-- WORK ITEM --
Could the data below please be reproduced word for word, without the pictures?

-- STORED DATA --
Start of Block

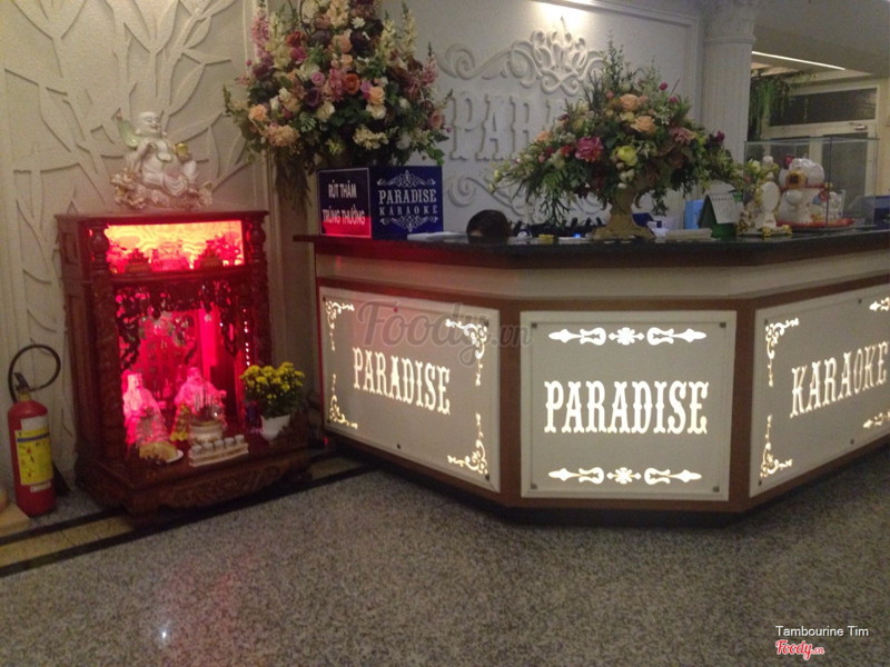 7.8Paradise 2 KaraokeHổm đi tăng 2 với công ty vô Paradise hát karaoke chắc cũng tầm 8h vô. Vì chờ cho nhân viên sắp xếp phòng tí nên đứng chụp hình, mình thì không phải lần đầu tiên vô đây nhưng vẫn rất thích decor ở Pẩdise, tạo cản giác sang trọng và đẳng cấp. Vô phòng 10 người khá rộng, nhân viên phục vụ trái cây và bia nhiệt tình. Hôm đó mình về sớm nên cũng không biết chi phí như nào, còn về chất lượng âm thanh thì quá tốt, tôn giọng, bài gì cũng có kể cả hit mới nhất. ...Xem thêm
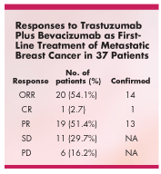 Interim efficacy data found an overall response rate of 54.1%, Dr. Pegram reported. Only 16.2% of patients progressed while on the combination (see Table).
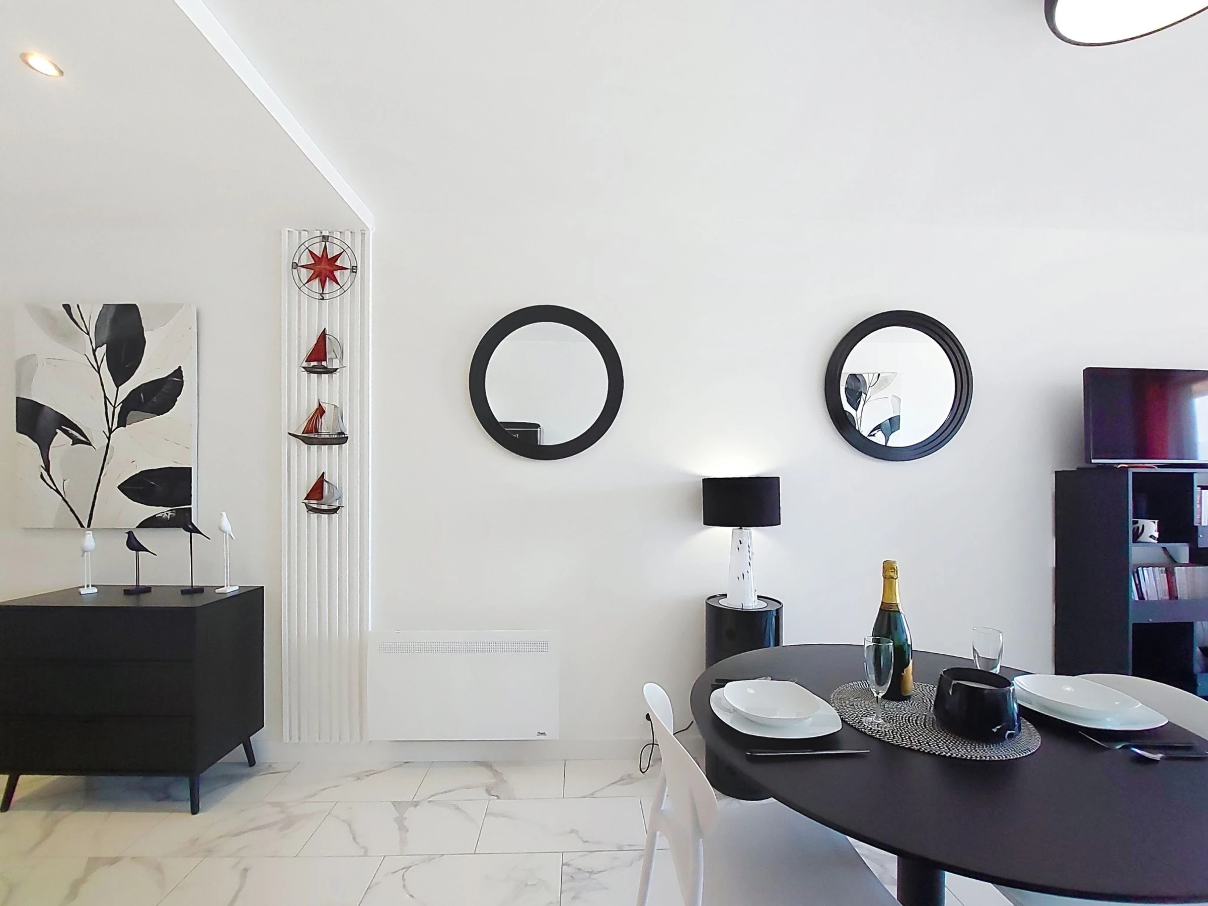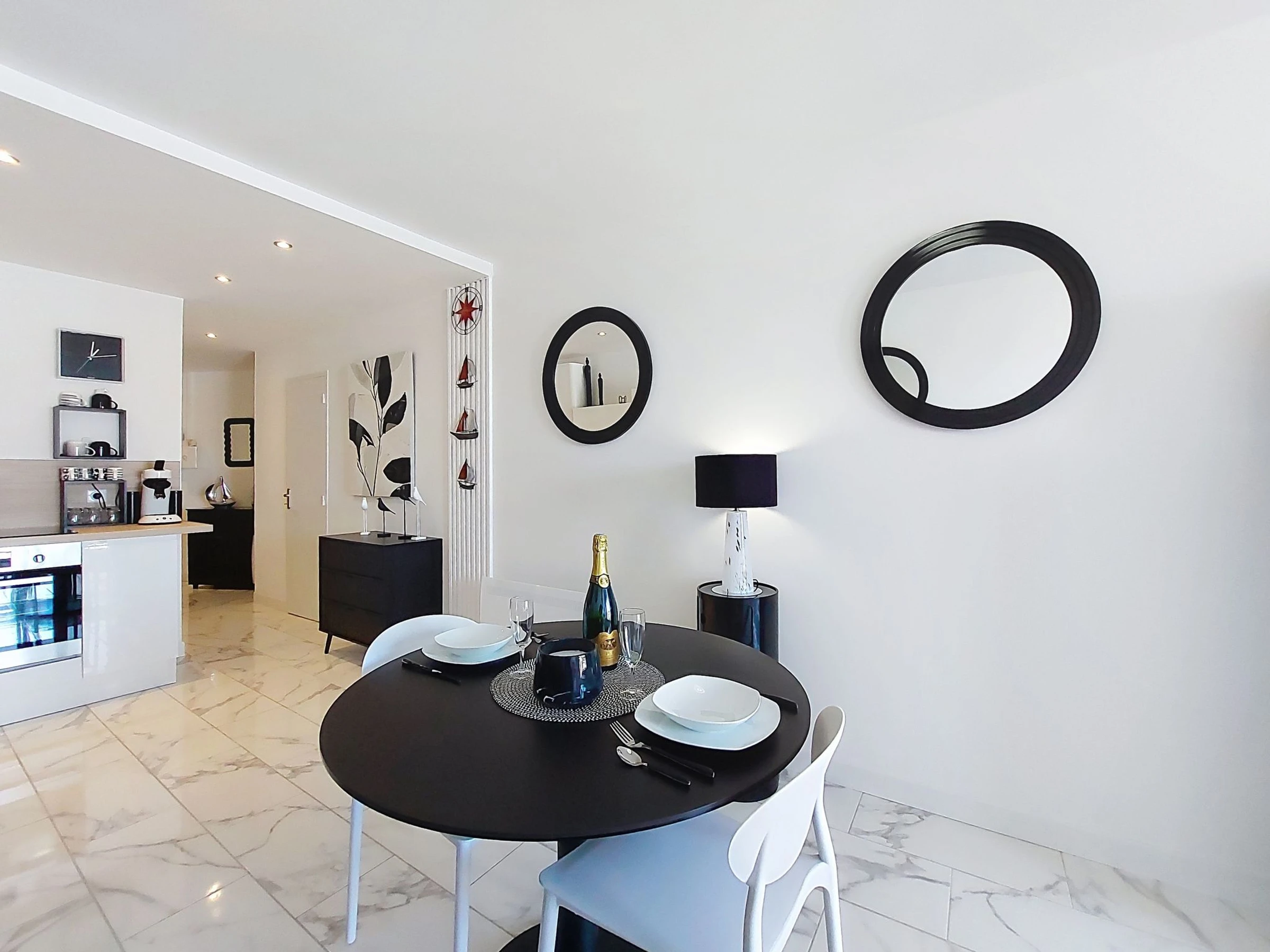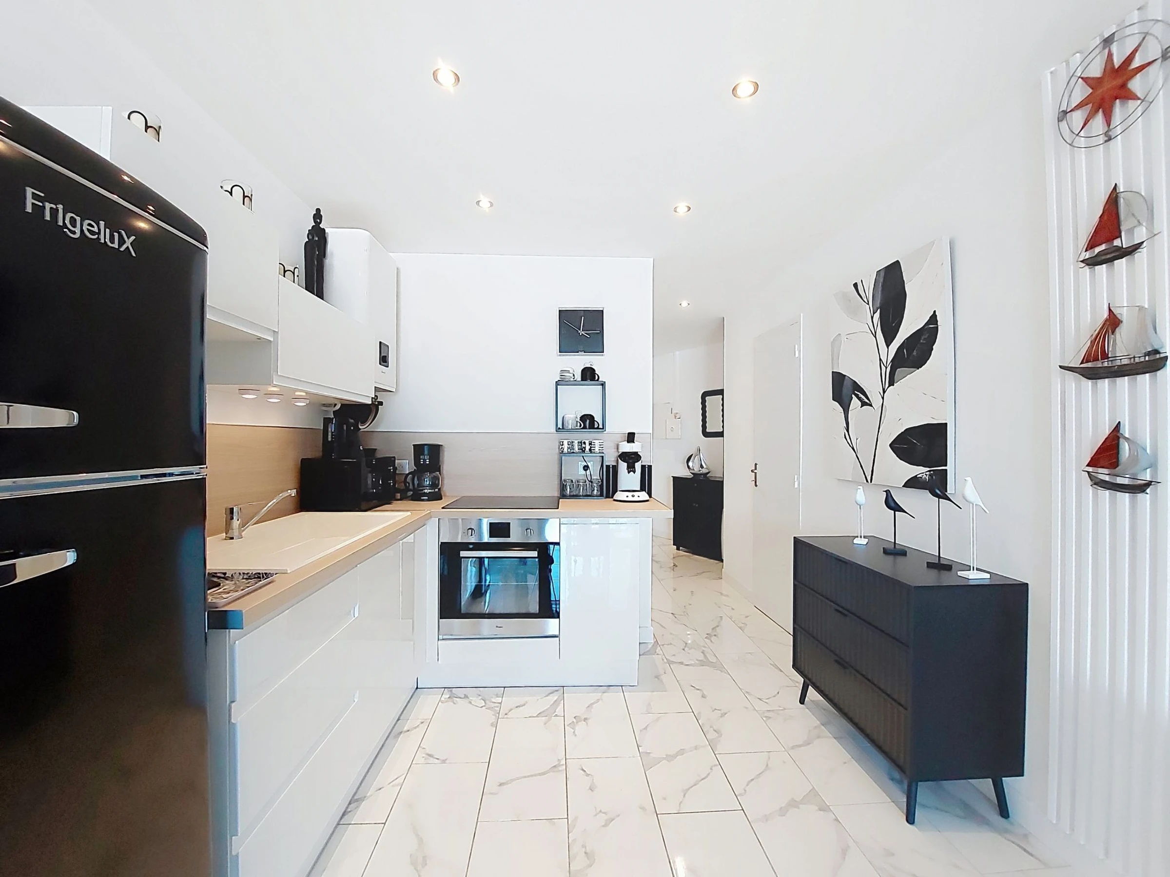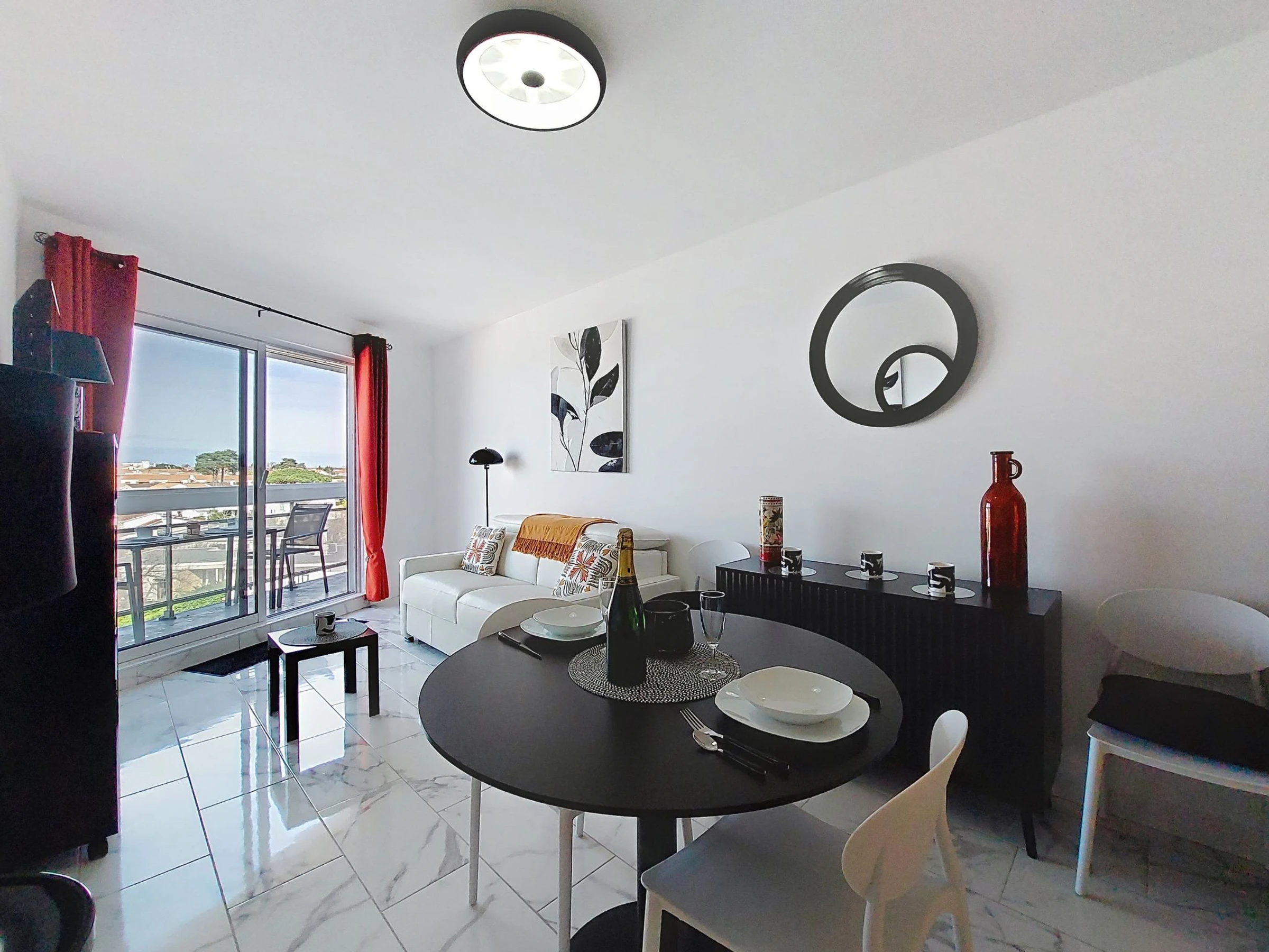 Studio 33 m2 au 4ème étage. Complètement rénové en 2025, aménagement moderne: séjour avec 1 divan-lit double (1 x 140 cm, longueur 190 cm), TV (écran plat). Sortie sur le balcon. Coin cuisine (four, 4 plaques à induction, grille-pain, bouilloire électrique, micro-ondes, congélateur, cafetière électrique, Capsules pour machine à café (Senseo) (NON INCLUSES)). Douche, WC séparé. Chauffage électrique. Balcon 7 m2. Mobilier de balcon. Vue latérale sur la mer. A disposition: lave-linge, fer à repasser. Internet (Connexion WIFI, gratuit). Place de parking No 8. Veuillez noter: détecteur de fumée. Annonce d'un particulier (art 155, IV du CGI).
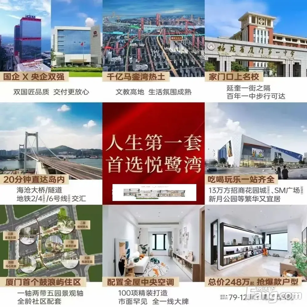 【联发招商·悦鹭湾】 看房热线:陈188+5055+3395(WX同)全程专车免费接送,享团购优惠价 开发商名称:联发、招商 产品类型:精装高层洋房住宅 楼栋分布:3栋洋房+3栋高层 梯户比:高层2梯5户 洋房1梯2户 产权性质:70年 装修情况:精装 层高:2.9米 总建筑面积:约7.5万㎡ 容积率:2.5 绿化率:约35% 总户数:540户 车位数:577个 车位配比:(1:1.06) 物业:招商积余物业 【低密生活住区 精装拎包入住】 约79-128㎡奢适3-4房产品,全明格局,高空间利用率。配置全屋中央空调、方太、科勒等一线大牌,考究品质入住即享。 【一轴两带五园 营造美好归家仪式】 萃取厦门鼓浪屿自然风光,以林、岛、浪、石作为景观元素,打造鼓浪屿风情主题景观轴营造归家主动线,构建踏浪归家、榕树码头、音浪乐园、岛心花庭、悦游花园等全龄段社区休闲配套。 看房热线:张137+2087+0023(WX同)全程专车免费接送,享团购优惠价

End of Block

-- EXPECTED ANSWER --
 7.8Paradise 2 KaraokeHổm đi tăng 2 với công ty vô Paradise hát karaoke chắc cũng tầm 8h vô. Vì chờ cho nhân viên sắp xếp phòng tí nên đứng chụp hình, mình thì không phải lần đầu tiên vô đây nhưng vẫn rất thích decor ở Pẩdise, tạo cản giác sang trọng và đẳng cấp. Vô phòng 10 người khá rộng, nhân viên phục vụ trái cây và bia nhiệt tình. Hôm đó mình về sớm nên cũng không biết chi phí như nào, còn về chất lượng âm thanh thì quá tốt, tôn giọng, bài gì cũng có kể cả hit mới nhất. ...Xem thêm
 Interim efficacy data found an overall response rate of 54.1%, Dr. Pegram reported. Only 16.2% of patients progressed while on the combination (see Table).
 Studio 33 m2 au 4ème étage. Complètement rénové en 2025, aménagement moderne: séjour avec 1 divan-lit double (1 x 140 cm, longueur 190 cm), TV (écran plat). Sortie sur le balcon. Coin cuisine (four, 4 plaques à induction, grille-pain, bouilloire électrique, micro-ondes, congélateur, cafetière électrique, Capsules pour machine à café (Senseo) (NON INCLUSES)). Douche, WC séparé. Chauffage électrique. Balcon 7 m2. Mobilier de balcon. Vue latérale sur la mer. A disposition: lave-linge, fer à repasser. Internet (Connexion WIFI, gratuit). Place de parking No 8. Veuillez noter: détecteur de fumée. Annonce d'un particulier (art 155, IV du CGI).
 【联发招商·悦鹭湾】 看房热线:陈188+5055+3395(WX同)全程专车免费接送,享团购优惠价 开发商名称:联发、招商 产品类型:精装高层洋房住宅 楼栋分布:3栋洋房+3栋高层 梯户比:高层2梯5户 洋房1梯2户 产权性质:70年 装修情况:精装 层高:2.9米 总建筑面积:约7.5万㎡ 容积率:2.5 绿化率:约35% 总户数:540户 车位数:577个 车位配比:(1:1.06) 物业:招商积余物业 【低密生活住区 精装拎包入住】 约79-128㎡奢适3-4房产品,全明格局,高空间利用率。配置全屋中央空调、方太、科勒等一线大牌,考究品质入住即享。 【一轴两带五园 营造美好归家仪式】 萃取厦门鼓浪屿自然风光,以林、岛、浪、石作为景观元素,打造鼓浪屿风情主题景观轴营造归家主动线,构建踏浪归家、榕树码头、音浪乐园、岛心花庭、悦游花园等全龄段社区休闲配套。 看房热线:张137+2087+0023(WX同)全程专车免费接送,享团购优惠价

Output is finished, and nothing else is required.